(Records from a data collection)
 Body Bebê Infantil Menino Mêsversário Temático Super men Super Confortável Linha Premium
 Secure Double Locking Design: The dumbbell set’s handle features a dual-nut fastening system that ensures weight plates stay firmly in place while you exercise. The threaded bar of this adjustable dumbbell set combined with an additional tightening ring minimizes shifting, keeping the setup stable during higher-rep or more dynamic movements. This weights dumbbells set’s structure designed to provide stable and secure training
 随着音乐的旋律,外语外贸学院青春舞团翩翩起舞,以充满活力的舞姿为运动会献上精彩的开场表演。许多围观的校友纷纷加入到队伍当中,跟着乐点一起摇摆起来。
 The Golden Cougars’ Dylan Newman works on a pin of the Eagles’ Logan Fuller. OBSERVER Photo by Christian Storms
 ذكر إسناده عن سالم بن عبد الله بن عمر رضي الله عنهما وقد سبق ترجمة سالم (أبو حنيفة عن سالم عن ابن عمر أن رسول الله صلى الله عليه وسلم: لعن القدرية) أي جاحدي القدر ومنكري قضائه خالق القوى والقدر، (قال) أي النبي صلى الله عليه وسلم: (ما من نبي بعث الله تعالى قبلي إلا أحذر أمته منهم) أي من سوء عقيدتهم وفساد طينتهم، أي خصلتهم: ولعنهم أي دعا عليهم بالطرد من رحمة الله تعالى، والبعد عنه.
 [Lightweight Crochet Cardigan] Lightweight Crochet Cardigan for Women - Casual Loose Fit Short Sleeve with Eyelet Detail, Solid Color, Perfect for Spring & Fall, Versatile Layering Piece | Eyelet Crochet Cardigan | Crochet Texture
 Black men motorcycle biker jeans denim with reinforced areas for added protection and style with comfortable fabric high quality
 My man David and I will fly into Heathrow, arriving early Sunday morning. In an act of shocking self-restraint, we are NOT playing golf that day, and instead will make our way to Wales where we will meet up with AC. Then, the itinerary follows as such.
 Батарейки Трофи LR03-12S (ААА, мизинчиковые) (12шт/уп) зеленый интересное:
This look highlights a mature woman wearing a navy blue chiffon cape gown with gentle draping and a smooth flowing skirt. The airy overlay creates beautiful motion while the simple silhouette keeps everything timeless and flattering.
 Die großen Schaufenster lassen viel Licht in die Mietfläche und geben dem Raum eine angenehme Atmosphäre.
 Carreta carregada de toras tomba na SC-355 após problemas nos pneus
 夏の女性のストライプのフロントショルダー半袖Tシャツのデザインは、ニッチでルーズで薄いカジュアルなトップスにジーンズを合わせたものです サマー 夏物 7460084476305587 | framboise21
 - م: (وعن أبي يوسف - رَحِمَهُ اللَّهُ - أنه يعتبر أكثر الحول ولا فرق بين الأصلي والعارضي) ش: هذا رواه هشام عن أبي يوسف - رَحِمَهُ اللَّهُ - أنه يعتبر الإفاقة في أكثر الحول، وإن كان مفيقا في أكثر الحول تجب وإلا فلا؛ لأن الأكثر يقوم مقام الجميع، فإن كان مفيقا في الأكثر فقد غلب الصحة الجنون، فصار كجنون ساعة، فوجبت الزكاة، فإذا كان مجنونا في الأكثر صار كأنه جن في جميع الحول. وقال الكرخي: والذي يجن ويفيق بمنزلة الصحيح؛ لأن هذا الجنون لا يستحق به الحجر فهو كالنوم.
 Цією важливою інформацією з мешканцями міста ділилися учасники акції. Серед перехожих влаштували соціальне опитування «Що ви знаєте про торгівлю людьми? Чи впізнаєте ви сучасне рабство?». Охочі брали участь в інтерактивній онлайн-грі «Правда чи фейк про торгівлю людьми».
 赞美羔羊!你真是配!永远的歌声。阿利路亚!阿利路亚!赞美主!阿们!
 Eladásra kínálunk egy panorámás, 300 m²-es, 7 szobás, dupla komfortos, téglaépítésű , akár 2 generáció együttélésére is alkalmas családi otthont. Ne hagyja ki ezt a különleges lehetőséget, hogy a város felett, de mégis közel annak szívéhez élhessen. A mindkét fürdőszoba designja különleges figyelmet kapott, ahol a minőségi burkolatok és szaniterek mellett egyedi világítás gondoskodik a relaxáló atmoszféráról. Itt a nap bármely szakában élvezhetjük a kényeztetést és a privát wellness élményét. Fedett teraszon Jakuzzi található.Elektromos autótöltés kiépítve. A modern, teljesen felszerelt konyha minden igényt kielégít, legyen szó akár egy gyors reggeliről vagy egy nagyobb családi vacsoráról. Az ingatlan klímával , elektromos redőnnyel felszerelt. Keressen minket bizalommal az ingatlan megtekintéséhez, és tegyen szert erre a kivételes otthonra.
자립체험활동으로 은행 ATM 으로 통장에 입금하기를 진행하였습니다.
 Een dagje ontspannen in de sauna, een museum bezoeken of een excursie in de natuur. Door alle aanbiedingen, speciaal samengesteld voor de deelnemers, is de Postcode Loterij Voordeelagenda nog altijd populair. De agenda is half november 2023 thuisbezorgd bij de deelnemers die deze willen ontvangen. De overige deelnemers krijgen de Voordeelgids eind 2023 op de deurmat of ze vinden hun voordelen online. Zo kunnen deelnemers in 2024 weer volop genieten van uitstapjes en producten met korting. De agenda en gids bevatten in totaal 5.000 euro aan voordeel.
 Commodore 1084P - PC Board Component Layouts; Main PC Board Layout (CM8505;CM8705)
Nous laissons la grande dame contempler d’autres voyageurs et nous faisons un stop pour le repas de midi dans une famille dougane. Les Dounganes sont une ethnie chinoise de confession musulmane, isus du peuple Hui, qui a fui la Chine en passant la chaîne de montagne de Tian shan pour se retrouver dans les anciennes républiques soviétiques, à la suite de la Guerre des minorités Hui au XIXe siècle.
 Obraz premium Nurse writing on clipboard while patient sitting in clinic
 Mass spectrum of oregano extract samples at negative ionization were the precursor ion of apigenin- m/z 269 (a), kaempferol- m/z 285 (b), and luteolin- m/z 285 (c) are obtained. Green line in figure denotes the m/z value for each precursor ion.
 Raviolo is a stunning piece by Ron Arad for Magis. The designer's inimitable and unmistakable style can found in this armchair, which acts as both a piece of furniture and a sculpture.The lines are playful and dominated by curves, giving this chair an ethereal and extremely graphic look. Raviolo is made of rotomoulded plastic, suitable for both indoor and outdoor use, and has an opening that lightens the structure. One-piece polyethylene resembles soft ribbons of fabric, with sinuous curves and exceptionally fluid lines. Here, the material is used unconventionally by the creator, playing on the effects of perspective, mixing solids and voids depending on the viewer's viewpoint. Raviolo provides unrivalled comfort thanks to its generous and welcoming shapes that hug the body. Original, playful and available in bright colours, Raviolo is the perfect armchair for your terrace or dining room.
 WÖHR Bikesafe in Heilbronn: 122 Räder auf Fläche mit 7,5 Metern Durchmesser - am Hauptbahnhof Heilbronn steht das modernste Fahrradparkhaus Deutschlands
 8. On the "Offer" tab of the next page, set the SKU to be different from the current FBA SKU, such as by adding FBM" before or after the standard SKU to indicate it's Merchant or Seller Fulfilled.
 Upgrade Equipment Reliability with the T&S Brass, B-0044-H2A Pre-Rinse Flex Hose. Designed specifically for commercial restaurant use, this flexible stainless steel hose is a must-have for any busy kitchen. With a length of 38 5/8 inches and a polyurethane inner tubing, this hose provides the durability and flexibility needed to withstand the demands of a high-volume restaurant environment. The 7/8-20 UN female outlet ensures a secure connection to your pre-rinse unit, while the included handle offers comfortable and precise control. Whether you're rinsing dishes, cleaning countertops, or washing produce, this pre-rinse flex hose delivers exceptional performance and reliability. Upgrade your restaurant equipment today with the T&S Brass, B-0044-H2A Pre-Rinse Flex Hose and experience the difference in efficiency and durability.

**Directions:**
When you reach the line holding "WÖHR Bikesafe in" in the records above, begin reproducing exactly, stop after the line holding "or Seller Fulfilled.", and output nothing else.

**Final answer:**
 WÖHR Bikesafe in Heilbronn: 122 Räder auf Fläche mit 7,5 Metern Durchmesser - am Hauptbahnhof Heilbronn steht das modernste Fahrradparkhaus Deutschlands
 8. On the "Offer" tab of the next page, set the SKU to be different from the current FBA SKU, such as by adding FBM" before or after the standard SKU to indicate it's Merchant or Seller Fulfilled.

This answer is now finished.